-- Opening Marker --

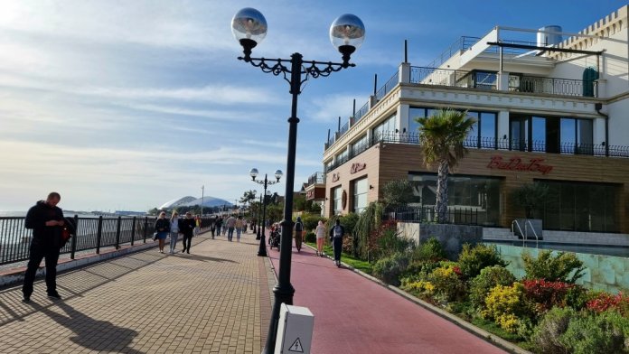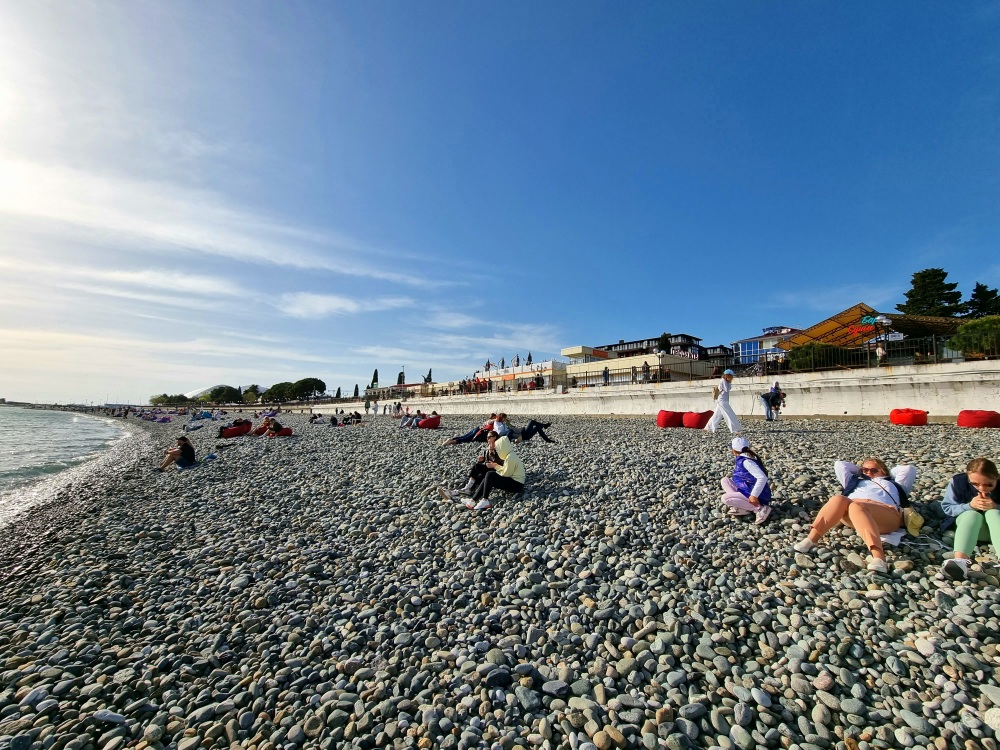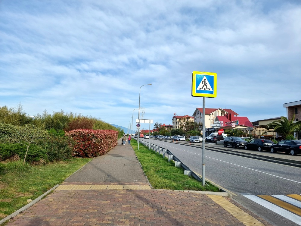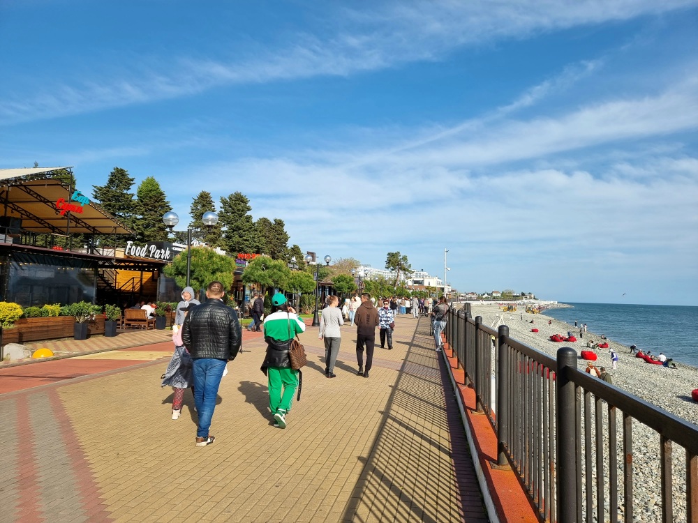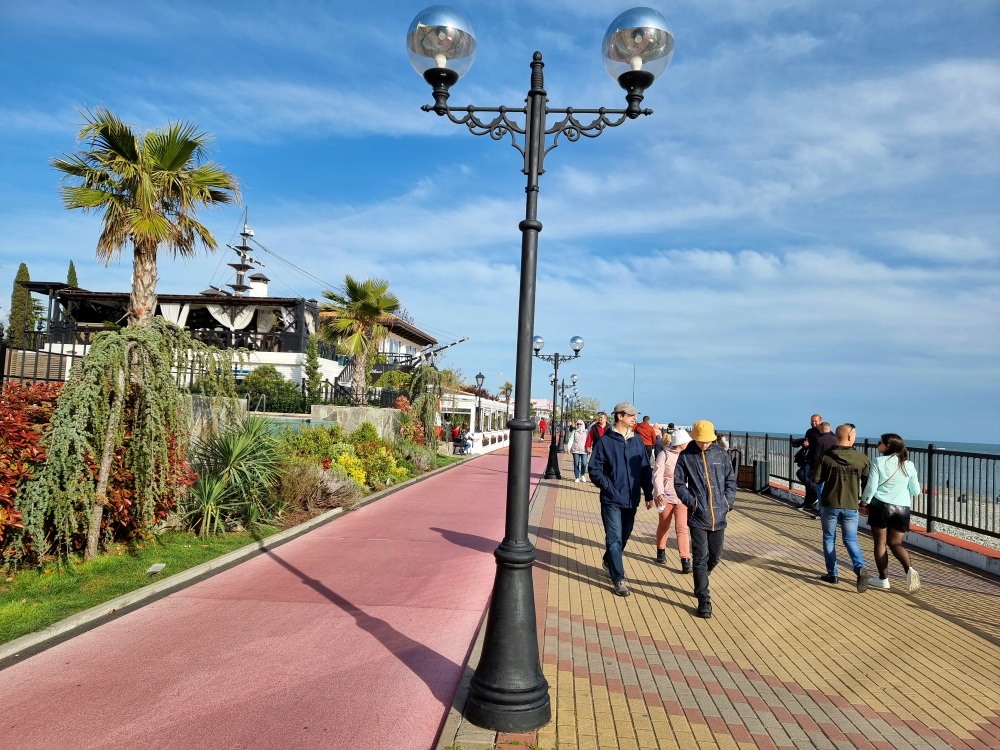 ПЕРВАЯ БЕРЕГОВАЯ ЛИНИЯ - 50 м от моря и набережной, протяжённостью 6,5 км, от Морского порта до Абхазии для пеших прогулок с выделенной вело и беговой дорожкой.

-- Closing Marker --
-- Opening Marker --

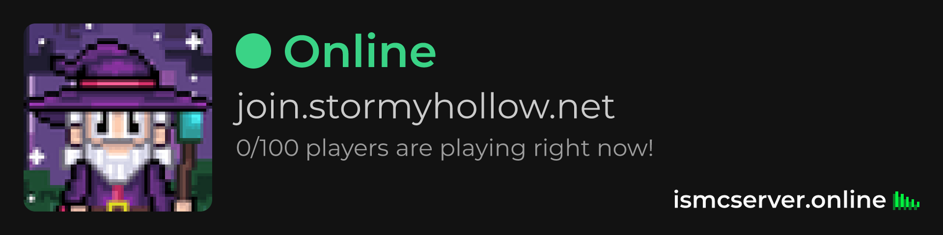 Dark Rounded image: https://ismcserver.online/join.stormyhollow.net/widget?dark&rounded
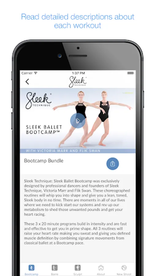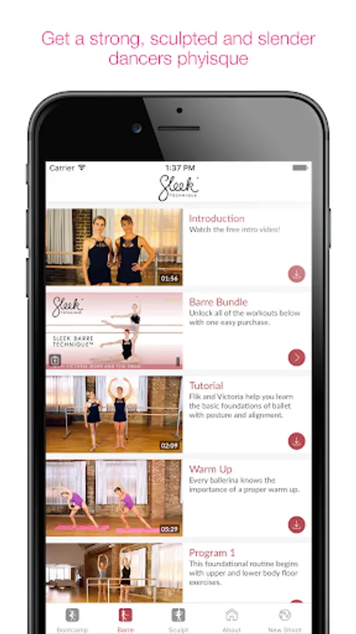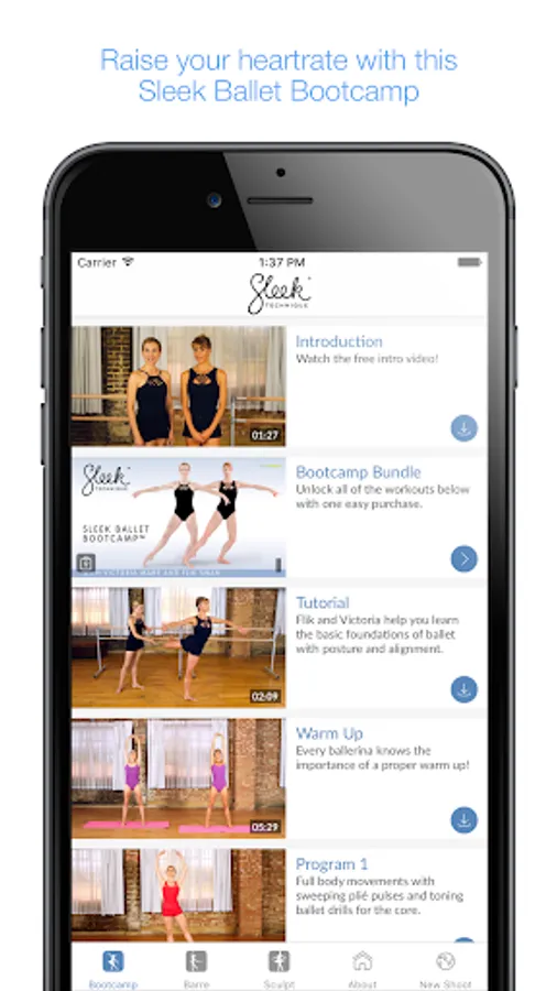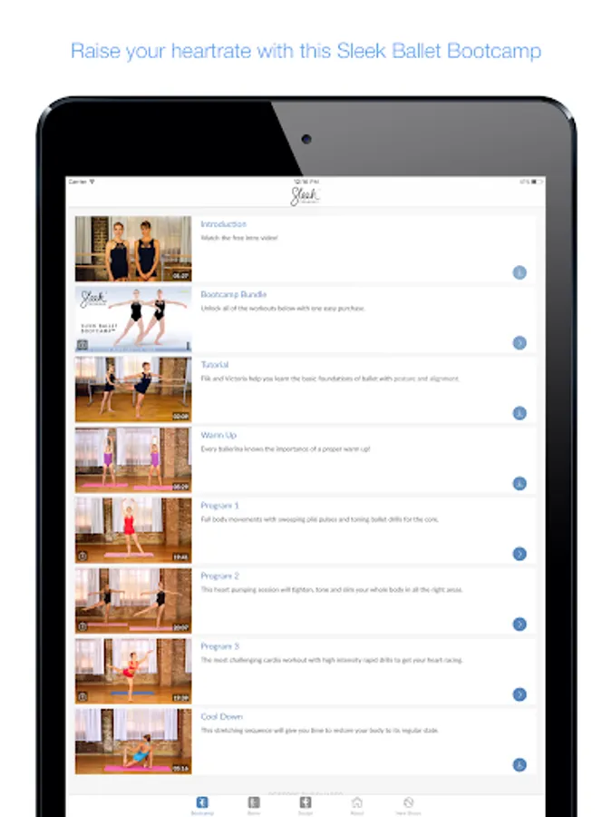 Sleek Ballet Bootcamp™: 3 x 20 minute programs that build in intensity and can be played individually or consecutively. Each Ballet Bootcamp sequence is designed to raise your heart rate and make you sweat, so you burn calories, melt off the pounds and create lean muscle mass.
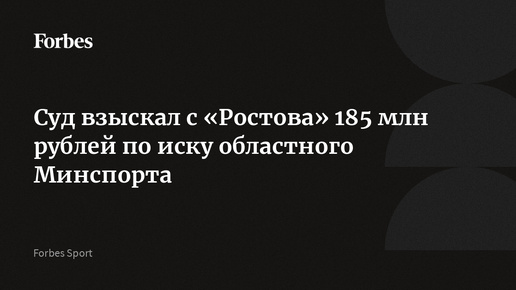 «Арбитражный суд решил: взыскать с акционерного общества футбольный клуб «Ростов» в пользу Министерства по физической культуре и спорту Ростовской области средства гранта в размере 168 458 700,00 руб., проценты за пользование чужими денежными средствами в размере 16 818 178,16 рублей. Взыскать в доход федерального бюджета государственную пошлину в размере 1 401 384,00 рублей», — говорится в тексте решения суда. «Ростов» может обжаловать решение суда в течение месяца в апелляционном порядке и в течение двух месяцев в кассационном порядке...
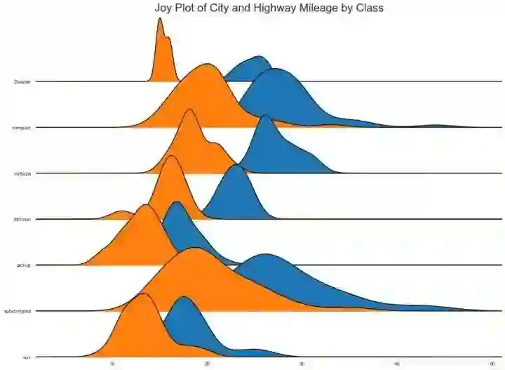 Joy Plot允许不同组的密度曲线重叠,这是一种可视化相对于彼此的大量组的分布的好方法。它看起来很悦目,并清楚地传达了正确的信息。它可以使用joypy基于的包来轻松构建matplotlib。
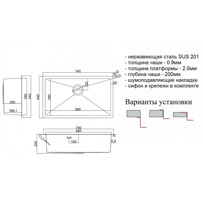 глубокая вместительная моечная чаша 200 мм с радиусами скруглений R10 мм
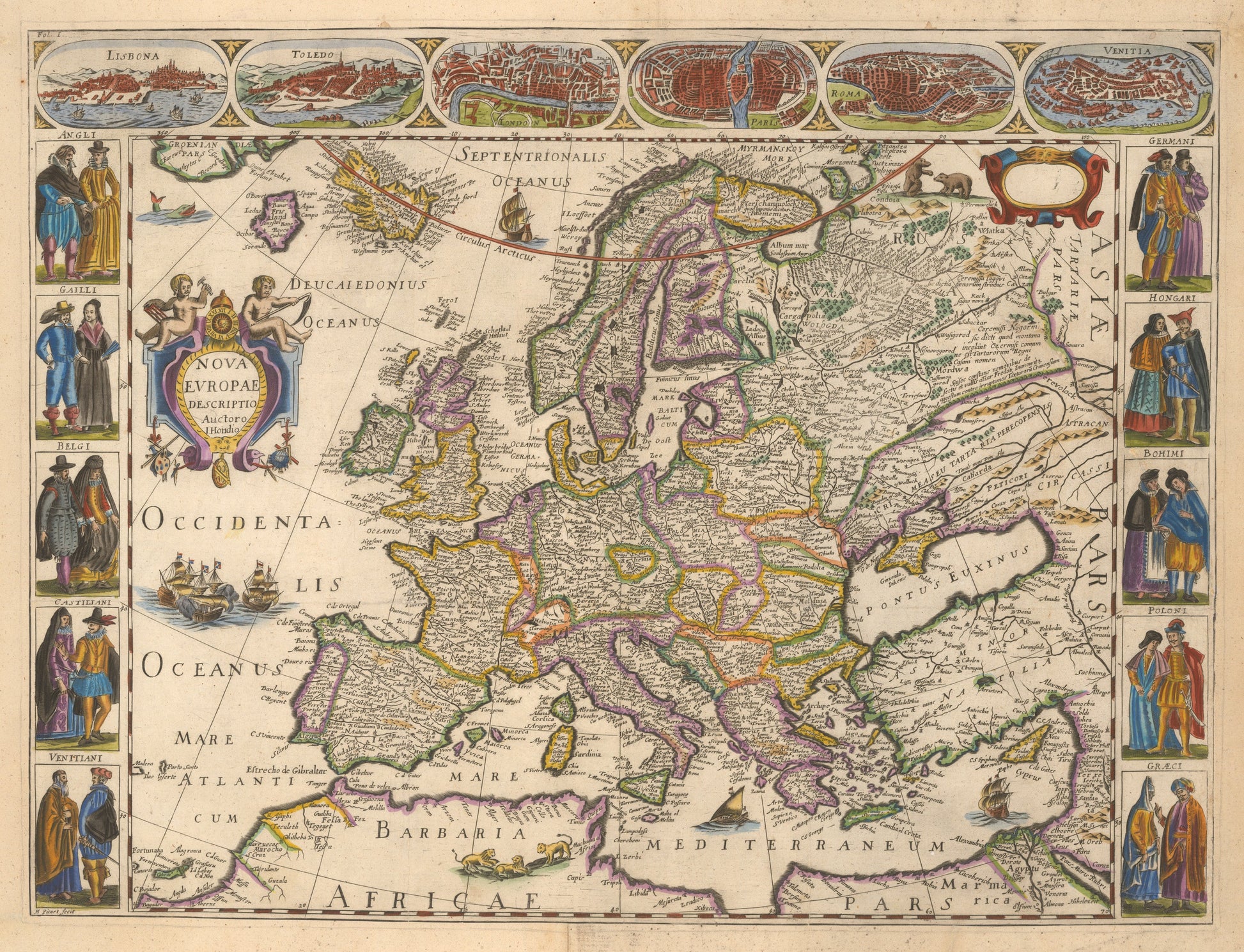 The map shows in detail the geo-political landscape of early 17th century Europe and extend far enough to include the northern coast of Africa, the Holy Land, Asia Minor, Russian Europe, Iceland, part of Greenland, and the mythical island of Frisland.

-- Closing Marker --
-- Opening Marker --

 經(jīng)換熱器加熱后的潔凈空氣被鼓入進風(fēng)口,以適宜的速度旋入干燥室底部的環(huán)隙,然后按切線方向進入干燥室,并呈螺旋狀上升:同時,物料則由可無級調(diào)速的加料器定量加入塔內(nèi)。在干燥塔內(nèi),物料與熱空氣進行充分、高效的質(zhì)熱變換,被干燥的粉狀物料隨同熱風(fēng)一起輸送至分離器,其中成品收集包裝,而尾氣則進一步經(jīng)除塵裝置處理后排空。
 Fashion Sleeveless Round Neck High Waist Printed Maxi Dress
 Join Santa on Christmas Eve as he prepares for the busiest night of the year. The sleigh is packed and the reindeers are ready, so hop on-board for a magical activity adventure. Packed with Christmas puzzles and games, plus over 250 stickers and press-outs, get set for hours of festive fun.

-- Closing Marker --

• WORK TO BE COMPLETED
Output only the lines above from the line that holds "Joy Plot允许不同组的" through the line that holds "The map shows", both ends included, and exclude pictures.

• TASK ANSWER
 Joy Plot允许不同组的密度曲线重叠,这是一种可视化相对于彼此的大量组的分布的好方法。它看起来很悦目,并清楚地传达了正确的信息。它可以使用joypy基于的包来轻松构建matplotlib。
 глубокая вместительная моечная чаша 200 мм с радиусами скруглений R10 мм
 The map shows in detail the geo-political landscape of early 17th century Europe and extend far enough to include the northern coast of Africa, the Holy Land, Asia Minor, Russian Europe, Iceland, part of Greenland, and the mythical island of Frisland.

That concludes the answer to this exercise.